The preferred radiopharmaceutical for radiopeptide therapy at the time of writing is 177Lu-octreotate. The major Australian clinical experience with 177Lu-octreotate to date comprises approximately 200 GEP-NET patients treated at Peter MacCallum Cancer Centre, Melbourne and Fremantle Hospital, Perth since 2005. Experience at these centres is consistent with outcomes of the large retrospective series from Europe. The major obstacle to the wider availability of 177Lu-octreotate is lack of an established path for formal registration and funding of what is effectively a clinician-sponsored therapy for an orphan disease.

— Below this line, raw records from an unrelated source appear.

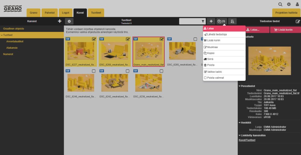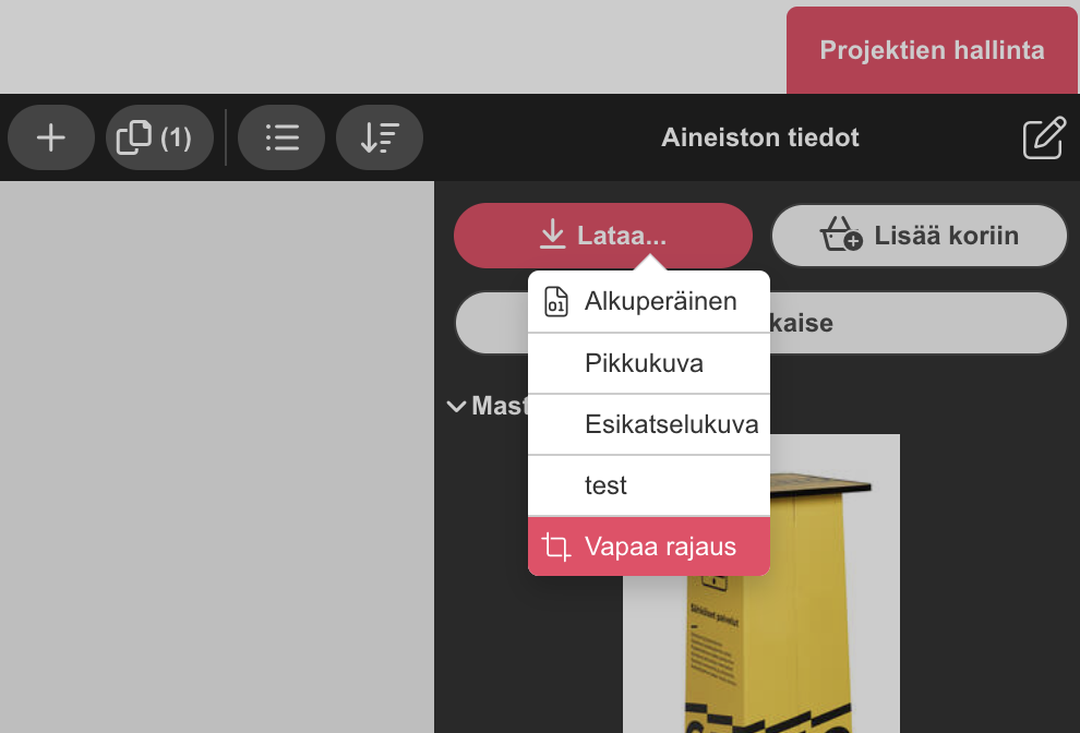 (Valinnat saadaan esille myös hiiren oikealla näppäimellä valittujen aineistojen kohdalla)
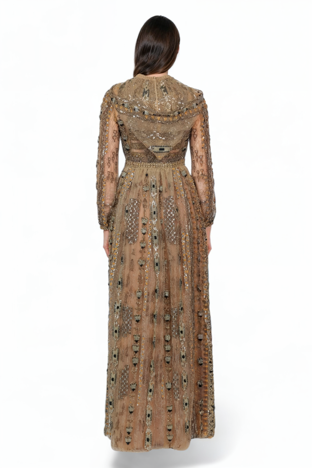 • Sleeves: Long sheer sleeves with detailed embroidery.
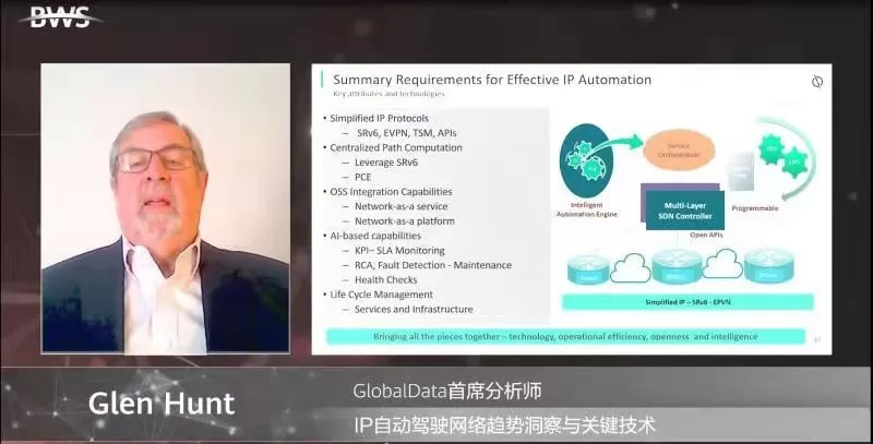 在12月10日-11日举行的“共赢未来全球线上峰会”上,国际著名数据分析与咨询公司GlobalData的首席分析师Glen Hunt发表了专题演讲,详细介绍了自动驾驶网络的机会点、产业进展、全球领先运营商的用例,并从分析师视角对使能自动驾驶IP网络的关键技术做了解读。
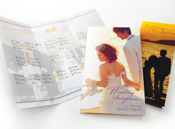 当日マストなペーパーアイテムもせっかくゲストの目に触れるものだから、中に写真を入れるだけじゃなくてどーんと表紙にしちゃいましょう。こちらは、お写真を主役にしておふたりのベストショットを一番美しく見せるよう専門のデザイナーが作ってくれる席次表です。
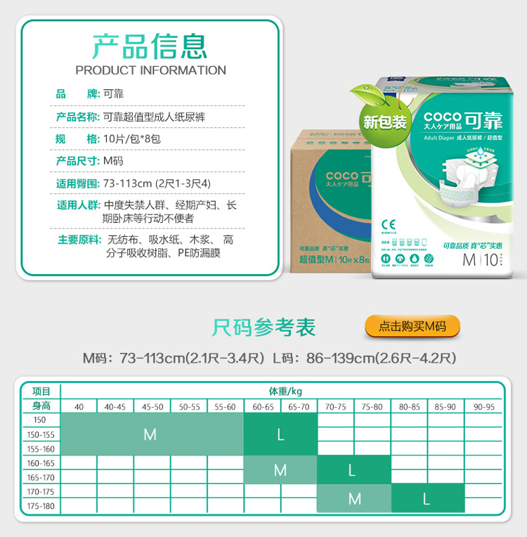 可靠 成人纸尿裤M号10片*8包【73-113cm】
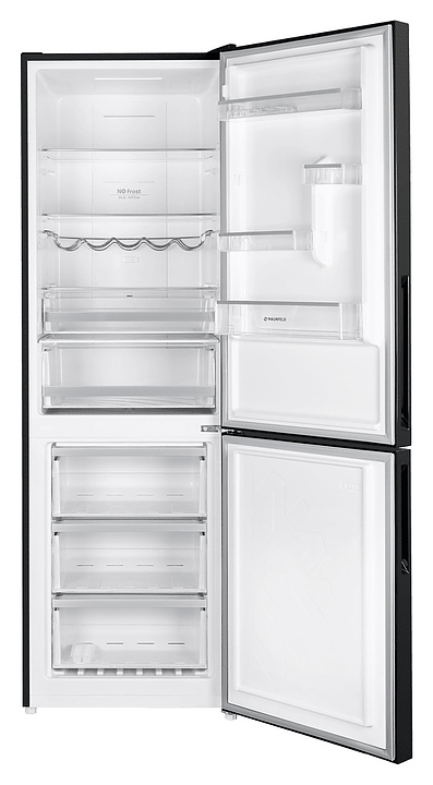 Холодильник Maunfeld MFF185NFB Inverter предназначен для охлаждения, замораживания, кратковременного и длительного хранения пищевых продуктов и напитков в гостиничных комплексах, офисах, а также домашних условиях. Модель оснащена холодильной камерой сверху, морозильной камерой снизу, правосторонними перенавешиваемыми распашными дверьми, кабелем питания с евровилкой и расположенной на верхней двери сенсорной панелью управления с 2 цифровыми дисплеями. Фасад выполнен из стали с покрытием черного цвета и полным остеклением закаленным стеклом без винтового крепежа, боковины – из стали с антикоррозийным покрытием в цвет фасада, внутренняя облицовка камер – из белого антибактериального пластика, плоские полки – из прозрачного закаленного стекла, навесные полки – из прозрачного пластика, ящики – из белого пластика с прозрачным фронтом, ящики и полки декорированы окантовками серебристого оттенка, упаковка – из гофрокартона, полимерной пленки и полистирола.
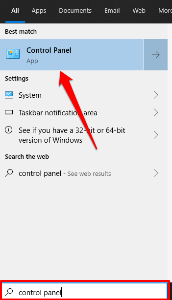1. Digite painel de controle na barra de pesquisa do Windows e clique em Painel de controle nos resultados.
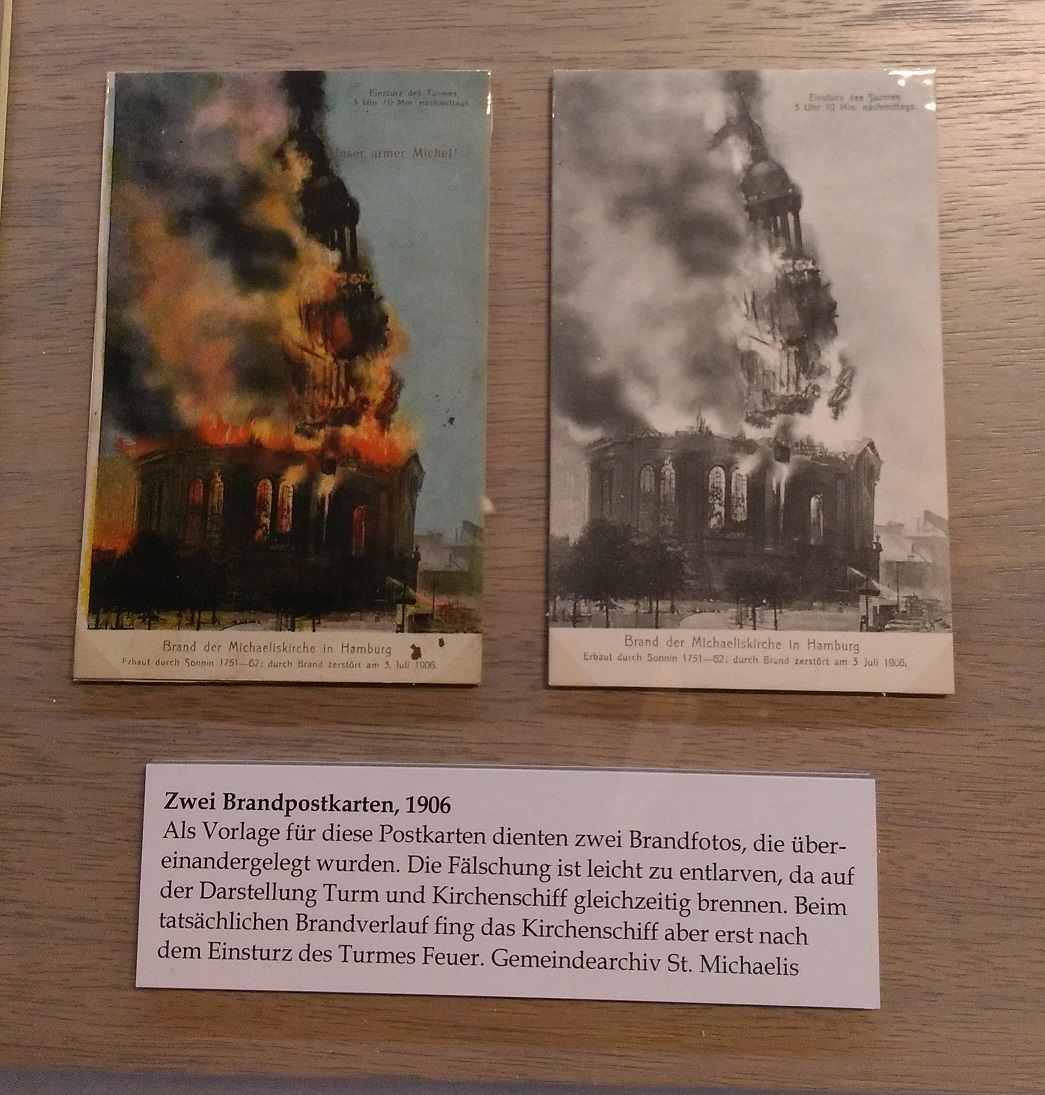 Ich komme mal wieder zurück in ein Museum, in die Krypta des Michel, in der die Geschichte des Hamburger Wahrzeichens dargestellt ist. Die Hauptkirche St. Michaelis ist 1906 abgebrannt. Fixe Photographen haben nicht nur den Brand im Bild dokumentiert, sondern auch Postkarten mit der brennenden Kirche aufgelegt. Dabei hat man den Brandverlauf auch schon mal etwas "gerafft" dargestellt (sozusagen Fake News à la Anfang des 20. Jahrhunderts).
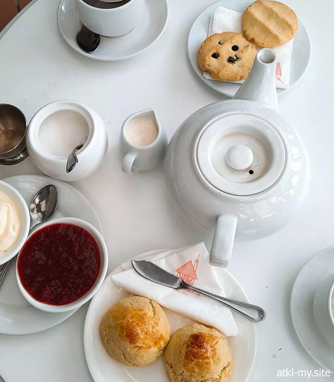 フルーツケーキが絶品だと聞いたことがあるのでぜひ試してみたかったものの、ランチを食べたばかりでお腹がいっぱいだったため、①はあきらめ②Devonshire Cream Tea(スコーンセット)と③Homemade Cookie Set(クッキーセット)をオーダーすることに。
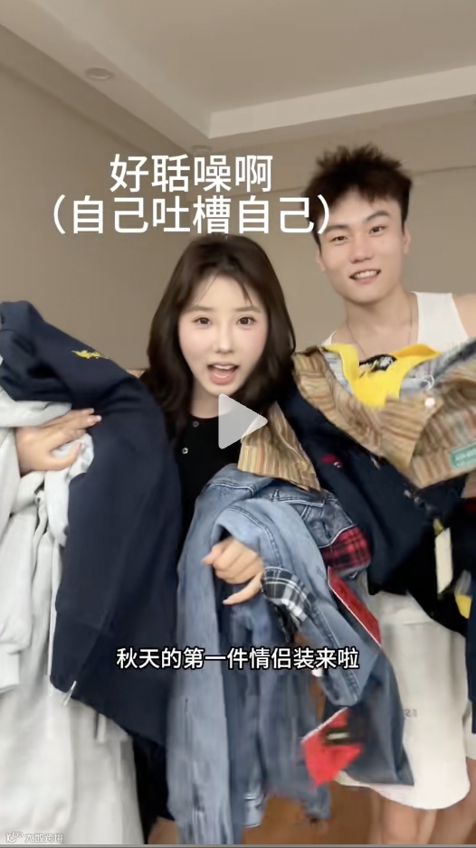 通过情侣或模特互动的形式演绎段子、展示产品是服装类带货常用的模式。此类视频既能突出产品的潮流属性,也能增强用户的观看趣味性。
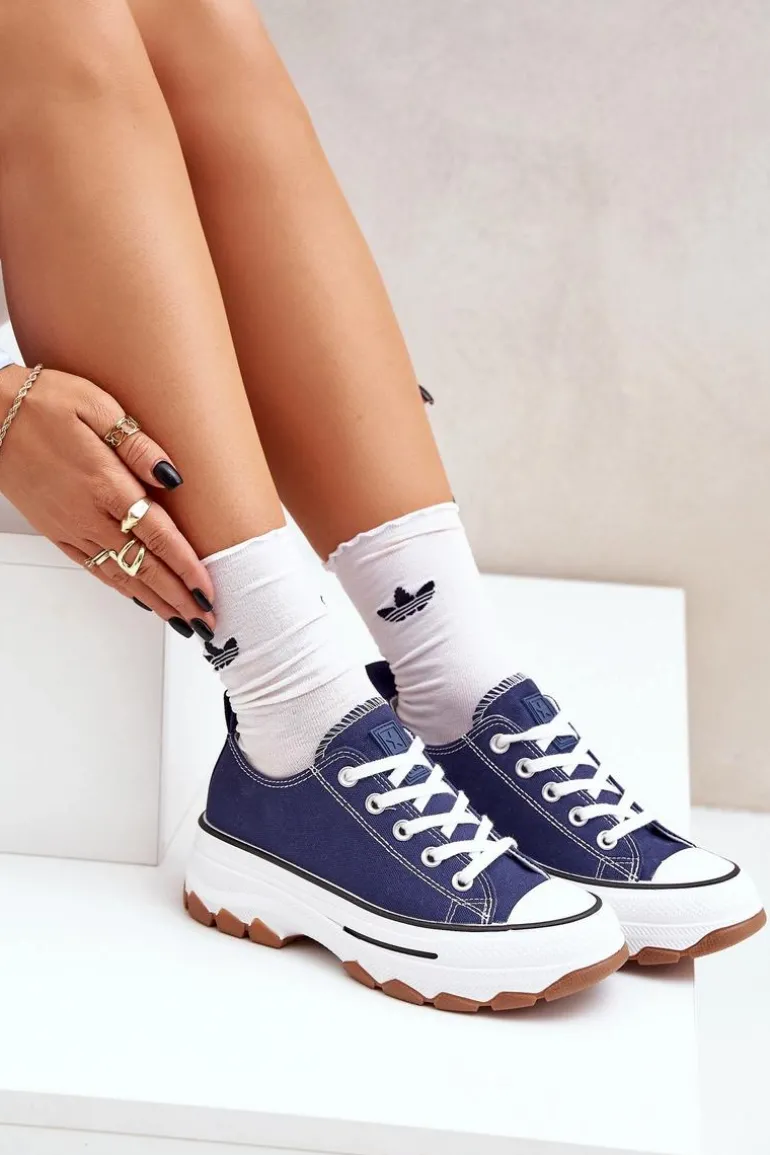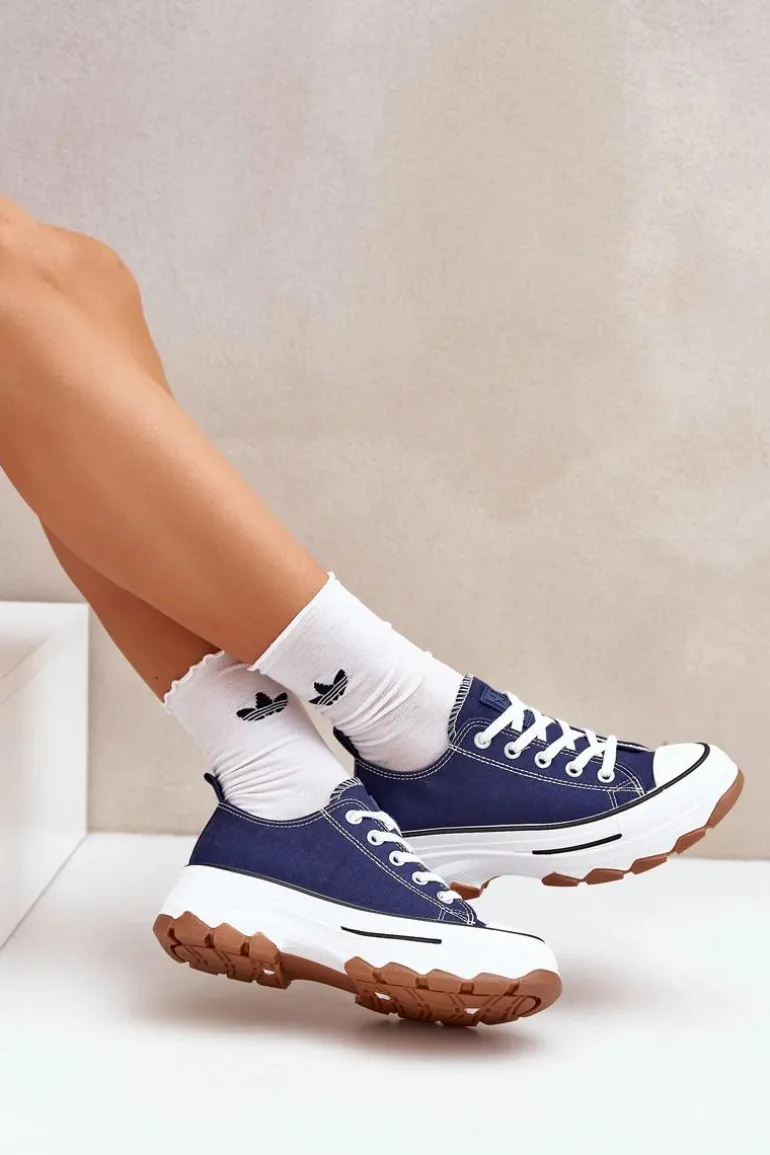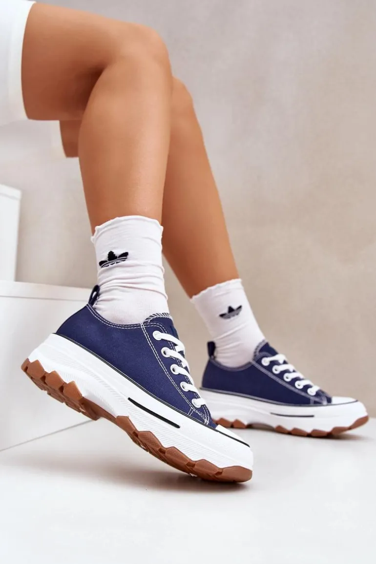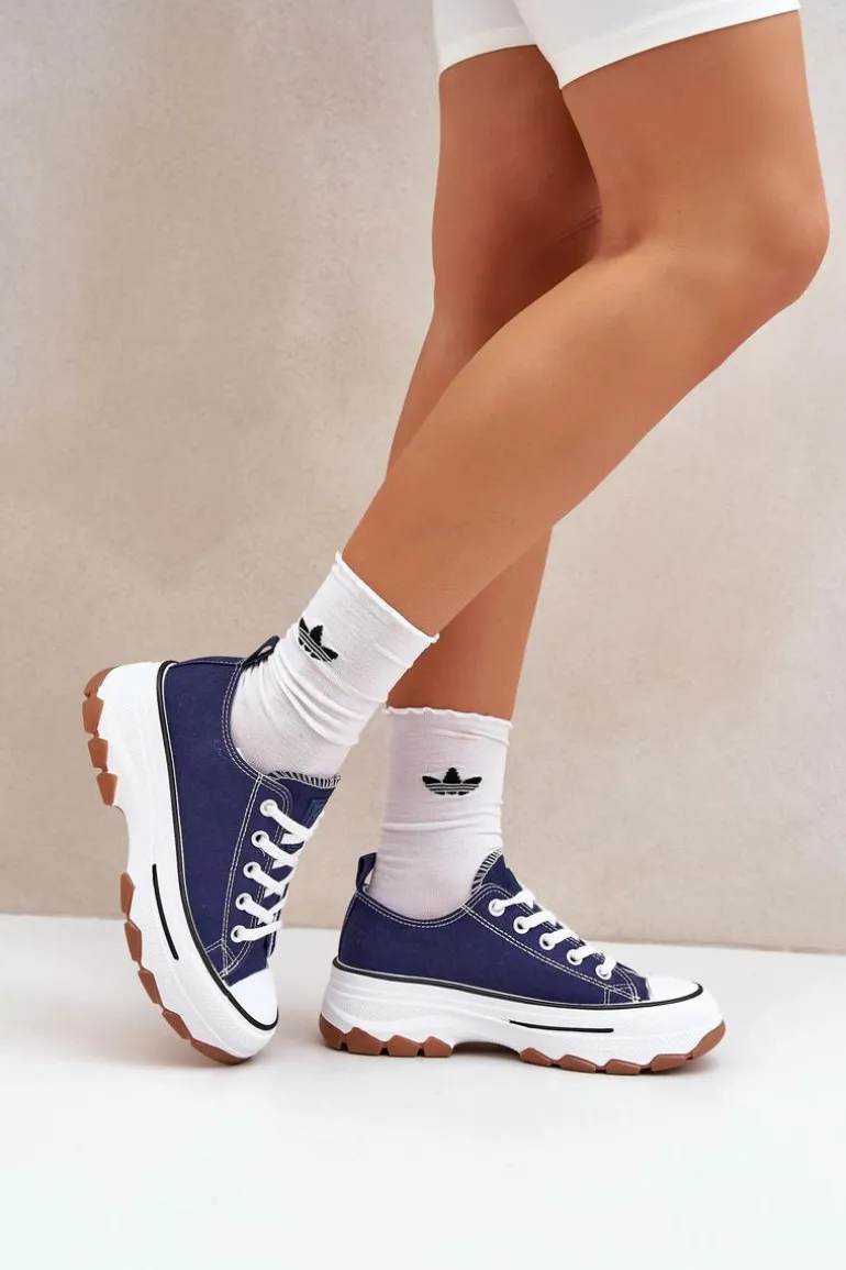 Niskie Trampki Damskie Na Platformie Granatowe Aradwin
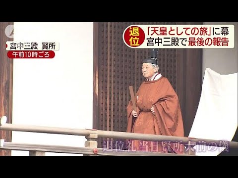陛下は賢所で拝礼し、30日、退位の儀式を行うことを報告する「御告文」を読み上げられた。その後、賢所の両隣にある皇霊殿と神殿でも同様の儀式が行われる。

If the funding issues can be resolved, it is envisaged that this treatment will be available in approximately six designated reference centres across Australia. It is planned that patients with progressive, disseminated, unresectable, low grade GEP-NETs, with appropriate somatostatin receptor avidity demonstrated on diagnostic somatostatin receptor imaging, including 111In-Octreotide SPECT or 68Ga-somatostatin analogue PET studies, will be referred to the State reference centre for radiopeptide treatment. 177LuCl3 is commercially available to Australasian patients directly imported from Europe (IDB, Baarle-Nassau, NL). It is hoped that 177Lu-octreotate may become available through the Australian Nuclear Science and Technology Organisation (ANSTO). The use of identified reference centres will facilitate both gathering of data and national randomised controlled trials using 177Lu-octreotate, with or without radiosensitising chemotherapy.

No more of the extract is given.